The same thing happened a few years later when the president of the CPR (a Mr. Crump) passed through Chatham and invited the late Bill Gray and myself to hop aboard his private train coach which was stopped for nearly an hour at the CPR crossing on William Street.

I was in the newsroom the morning a bulletin came across the wire that U.S. President John F. Kennedy had been gunned down in Dallas and one of the youngsters I interviewed that morning called recently to say he was still reading my articles.

I vividly recall walking the streets of Detroit conducting interviews during the riots along with former CFCO reporter Pete McGarvey.

I can’t begin to count the number of colleagues that I have worked alongside over the years including Dave Hodge, who went on to become a big-time hockey announcer on TV and George Hutchinson, who spent a few years at Ontario House in London, England, representing Ontario.

It wasn’t until recently that someone pointed out that I’m likely the longest-serving reporter in Canada – move over Lloyd Robertson and Peter Mansbridge.

Having a face-to-face talk with Nelson Mandela ranks high on my list of achievements as does helping in some small way keeping the doors of Navistar open for an extra year or two by opening the doors of communication between Navistar officials in Chicago and former CAW boss Buzz Hargrove. Buzz was salmon fishing off the coast of Vancouver when I helped facilitate a flurry of phone calls.

During my career I had the great fortune to cover a number of politicians, including former Ontario Premier Dalton McGuinty, Chatham-Kent Essex MPs Dave Van Kesteren, Elliot Hardey and Jerry Pickard and MPPs Rick Nicholls, Pat Hoy and Andy Watson.

There have also been a long list of mayors that have provided me with news tips over the years including current mayor Randy Hope and the late Garnet Newkirk, Bill Erickson, Doug Allin and Margaret Archibald.

The job has allowed me to travel to destinations near and far and write about them in my weekly travel column.

Incidentally, I have been asked to continue to turn out a weekly travel column – at least that will allow me to keep my fingers in the paper business.

I know retirement won`t come easy, but because of the advanced technology required in today`s newsroom it`s necessary for me to move on and allow the younger, techy generation to take over.

For instance, the new generation reporter-photographers today cover events in the field, take photographs and immediately place them online for the world to see.

That`s beyond my limited scope of turning on and off my computer each day. I could almost see the writing on the wall when the computer replaced my trusty, old typewriter and digital cameras took the place of my large, old graphflex camera.

In the early days we had company cars to whiz about Kent County (today it`s known as Chatham-Kent) and we spent much of the day in the field gathering news.

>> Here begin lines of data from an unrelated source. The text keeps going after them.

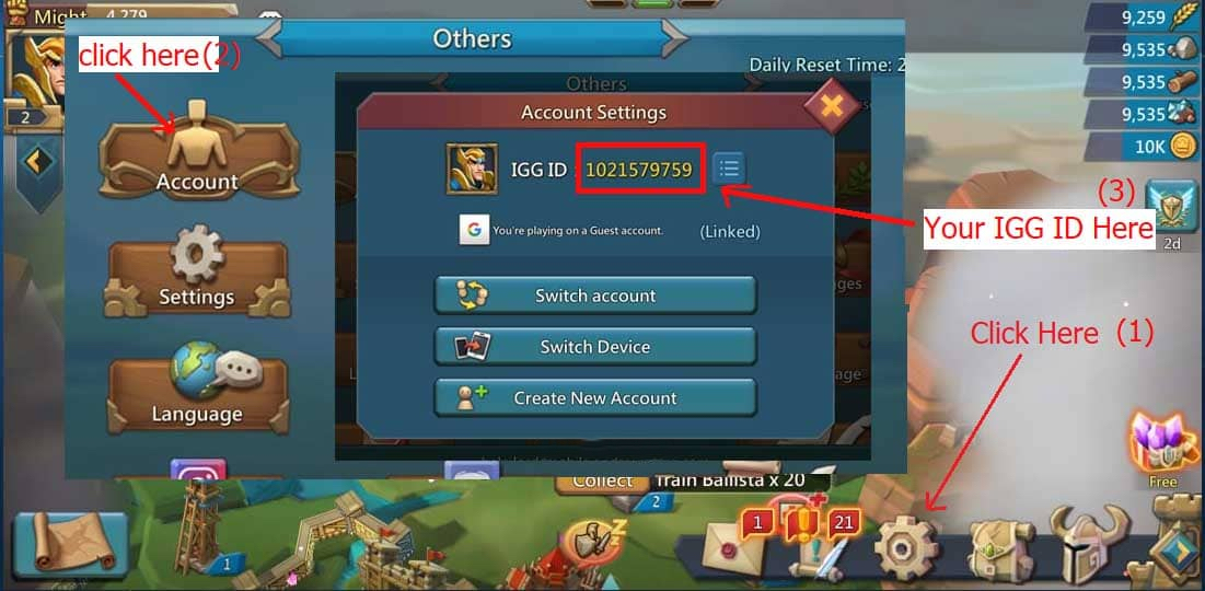 3. Wähle „Account“. Deine IGG ID wird dort angezeigt.
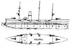 Calabria was designed by the Chief Engineer, Edoardo Masdea, and was intended for overseas service in the Italian colonial empire. She had a steel hull sheathed with wood and zinc to protect it from fouling during lengthy deployments abroad, where shipyard facilities would not be readily available. The hull was 76 meters (249 ft 4 in) long between perpendiculars and 81 m (265 ft 9 in) long overall. She had a beam of 12.71 m (41 ft 8 in) and a draft of 5.05 m (16 ft 7 in). Her normal displacement was 2,453 long tons (2,492 t) but increased to 2,660 long tons (2,700 t) at full load. She had a flush deck and a ram bow; her superstructure was fairly minimal, consisting primarily of a small conning tower forward. She was fitted with three pole masts for signaling and spotting purposes. Calabria had a crew of between 214 and 254 officers and enlisted crew.[1][2]
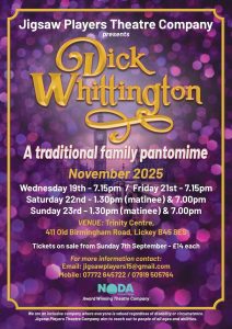 It’s that time of year again when our Methodist Superintendent Minister Rev Stephen Levett invites you to come and see him and other more talented performers in pantomime. This year the show is Dick Whittington and Steve will once more be taking on the role of The Dame. See the poster for dates and times. Steve is happy to pick up tickets for you at rehearsals or you can book them directly using the information on the poster. Tickets £14 for all. This will be the last time Steve performs in pantomime with Jigsaw Players before he heads off on retirement elsewhere in the country, so it would be great to see as many church members and friends in the audience as possible. Steve will be performing in all six shows.
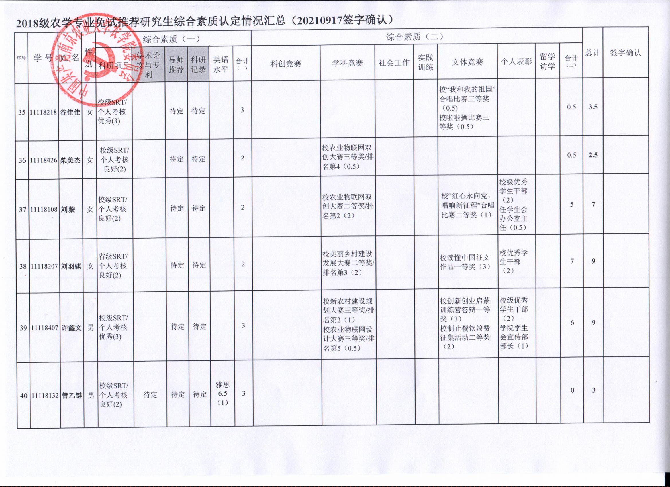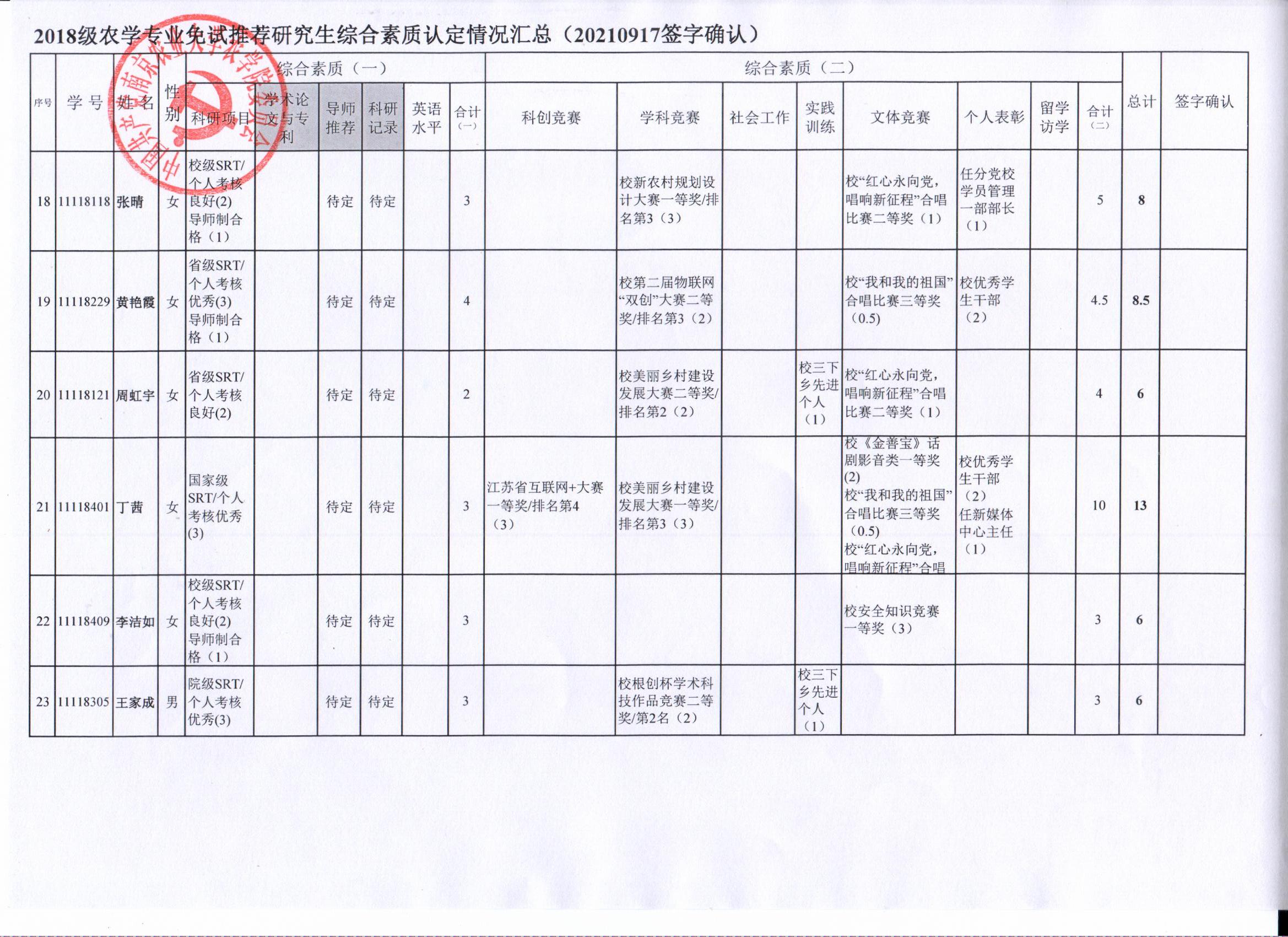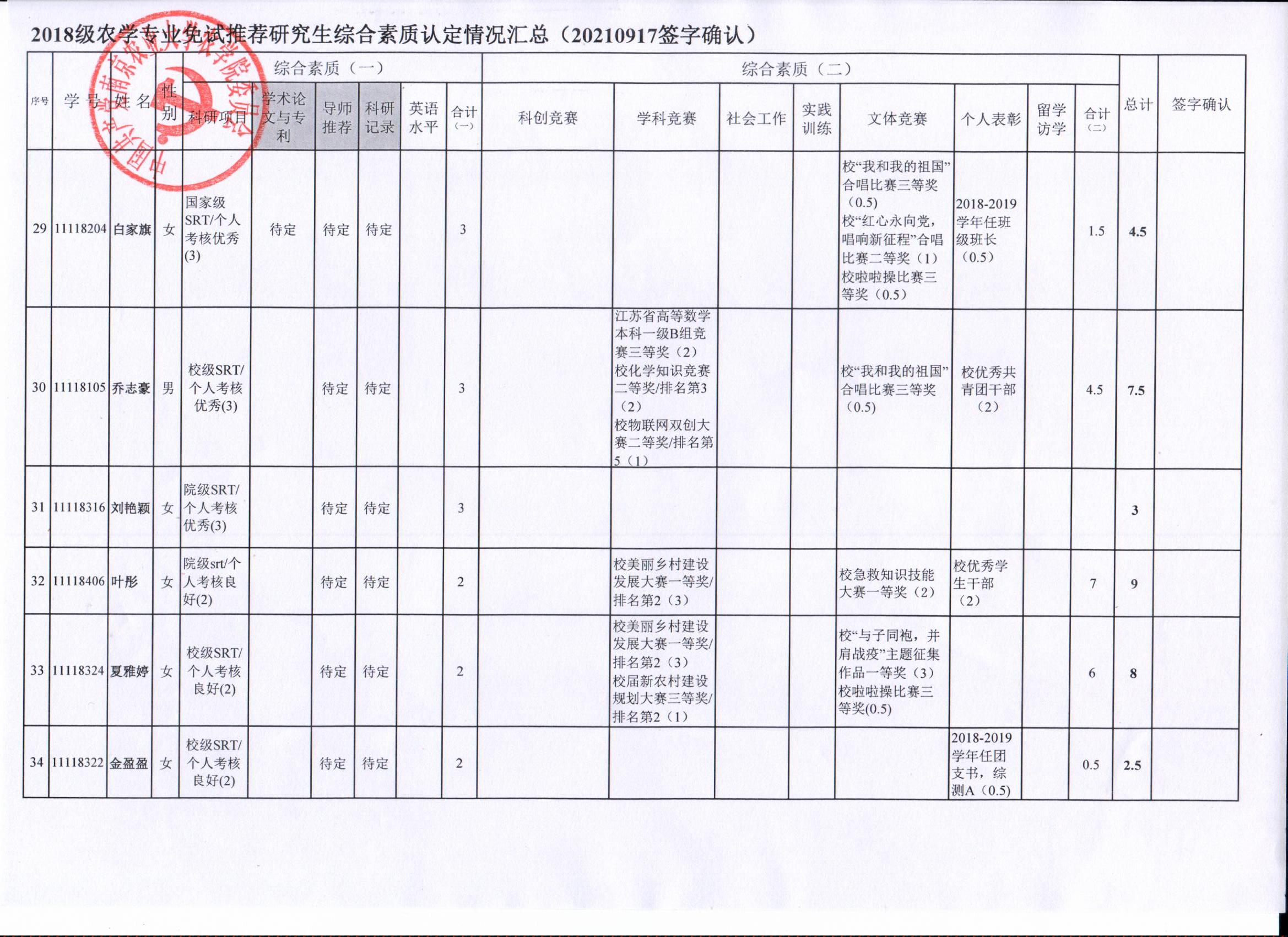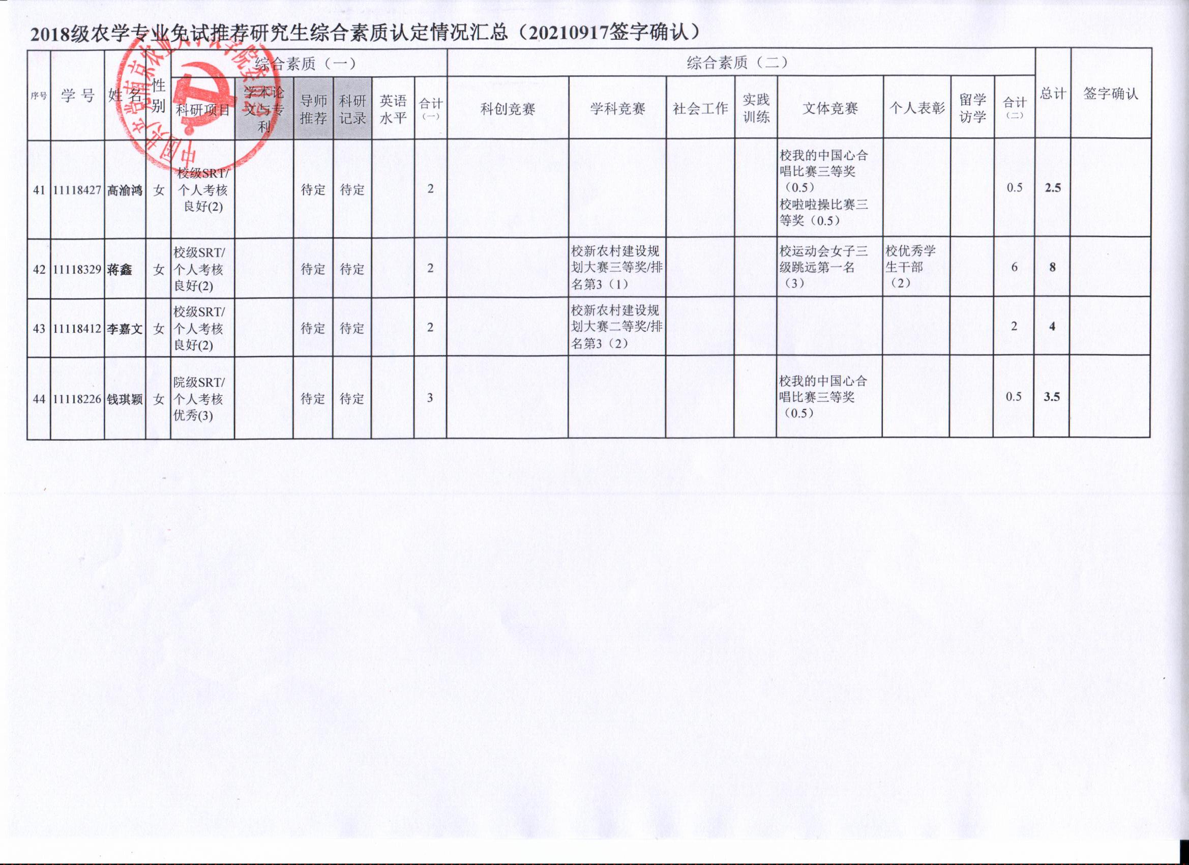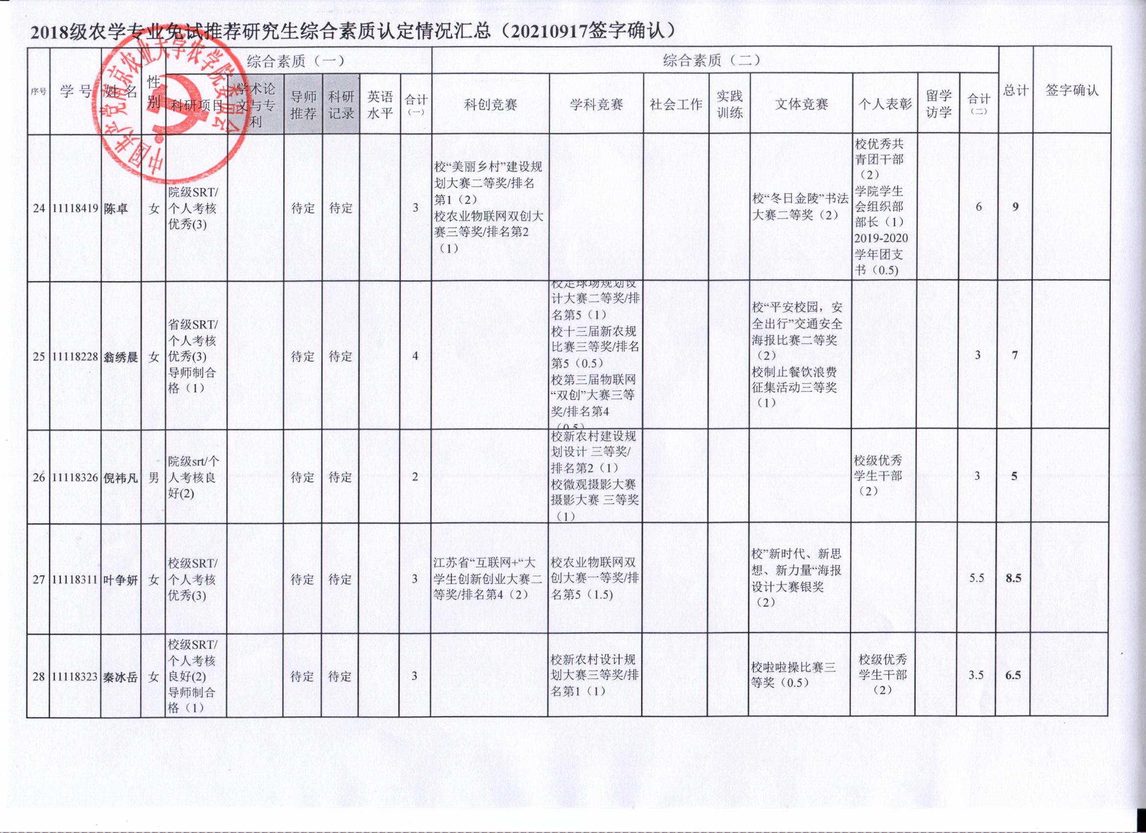 审核及学生签字确认,综合素质(一)第一、五类与综合素质(二)所有类别得分情况已于9月17-19日进行公示,现予以再次公示。
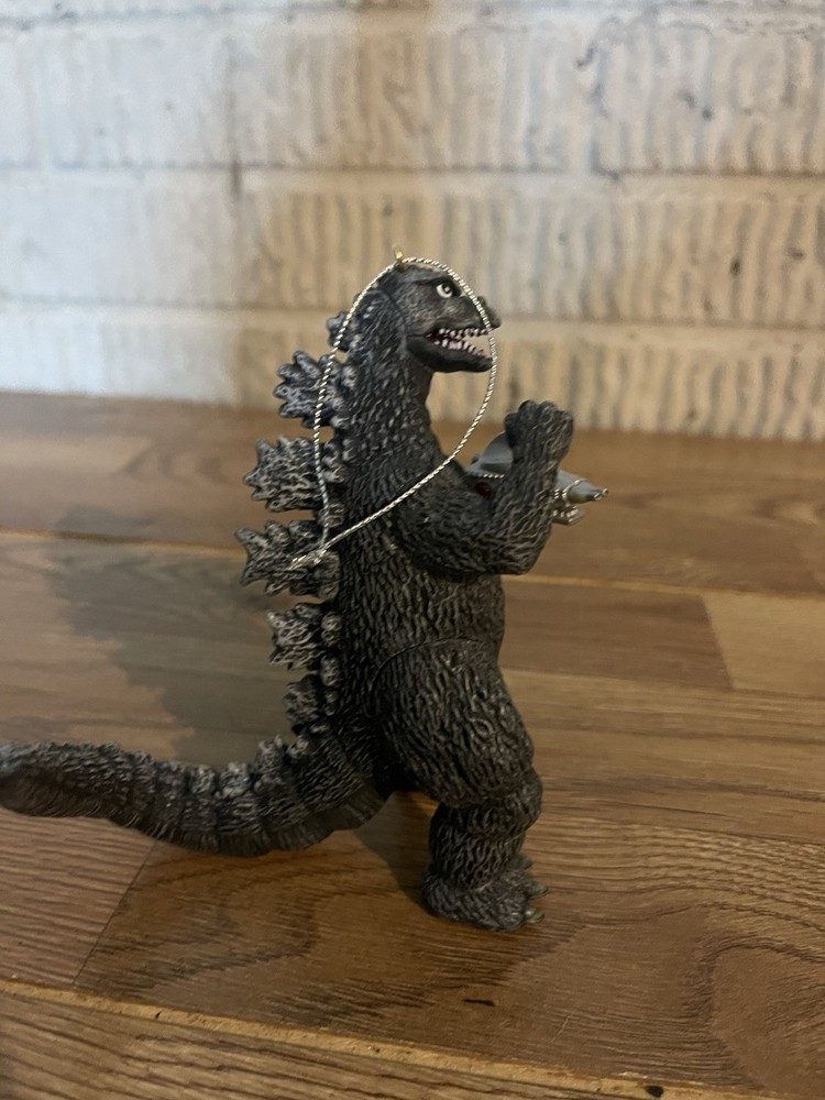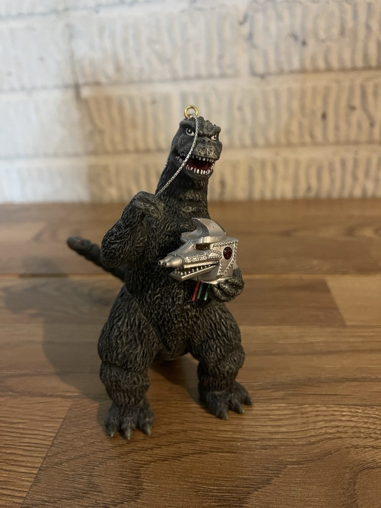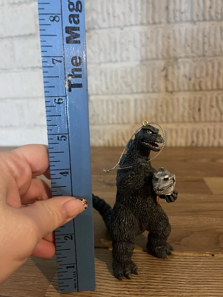 The Godzilla Mechagodzilla 2008 Carlton Cards Heirloom Ornament Collection is a small, green plastic ornament featuring the character Godzilla from the Godzilla franchise. This original ornament, manufactured in 2008 in China, is part of the Carlton Cards collection and is themed around Godzilla. It is designed in the shape of Godzilla and is a perfect addition to any Christmas tree or collectibles display, especially for fans of the iconic monster.
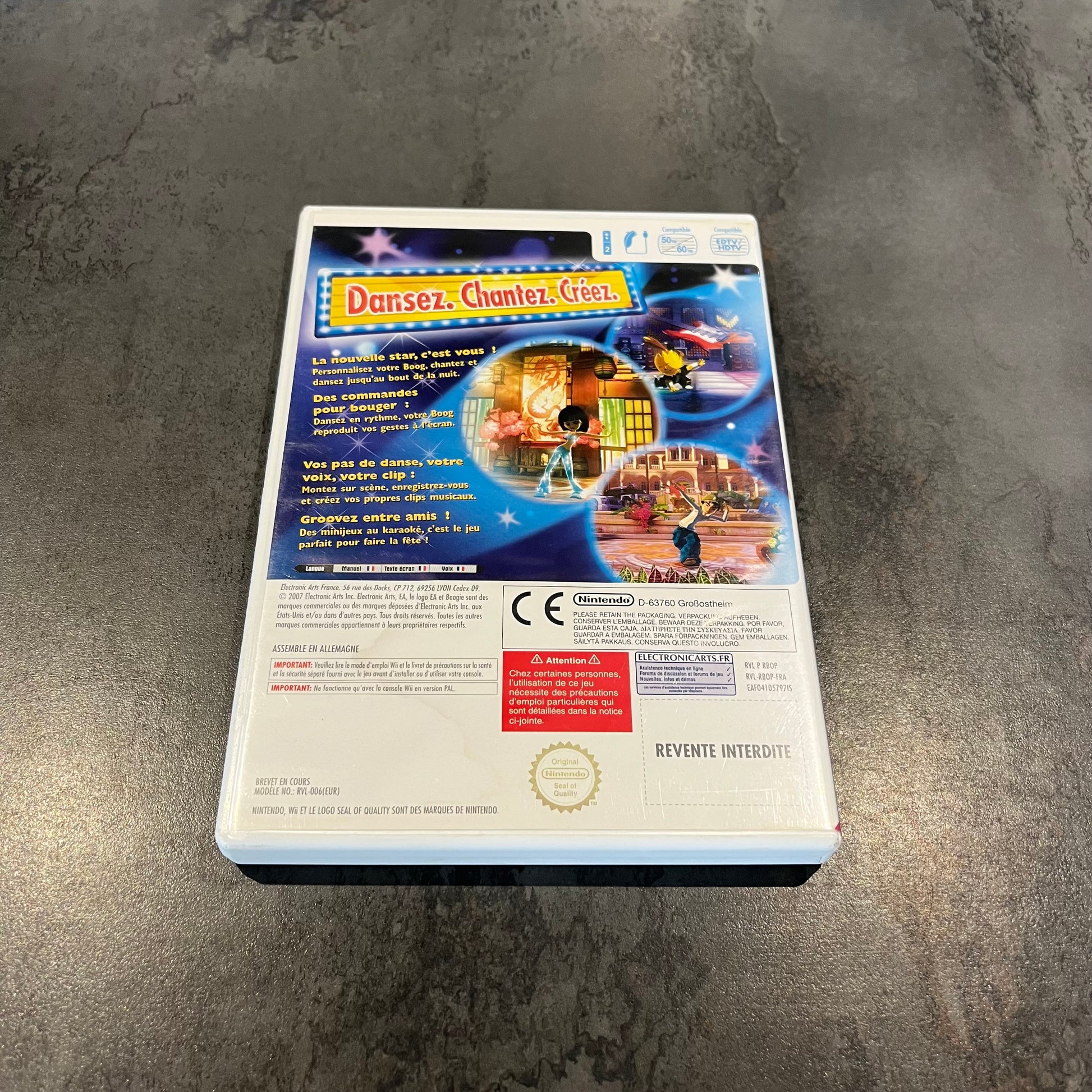 Boogie sur Wii, c’est le combo parfait danse + karaoké pour mettre de l’ambiance dans le salon ! Choisis ton personnage, chauffe tes pas et fais monter la fête avec des chorés délirantes et des performances chantées façon soirée entre potes. Un jeu fun, coloré, idéal pour les fans de party-games.
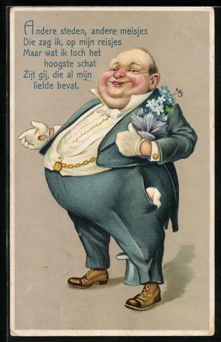 AK Übergewichtiger Frauenheld mit Taschenuhr und Blumen

Today, news comes to the newsroom in a variety of forms ranging from prepared media releases and photos and a good portion of the work is now conducted over the telephone.

The world has changed dramatically in the past half century and although I can still easily churn out front page articles daily, it’s the technology that has forced me to the sidelines.

I have thoroughly enjoyed keeping Chatham-Kent residents informed of news happenings on a daily basis for more than a half century and will definitely miss coming to work daily. I hope readers have been better informed as a result of my writings.

Retirement will allow me to spend more time with my children – daughter Tammy Lynn Michaud and her husband Ken and Todd Boughner and his wife Nicole, along with my grandchildren – Connor and Sarah Michaud and Clair, Martin, Lydia and Anderson Boughner.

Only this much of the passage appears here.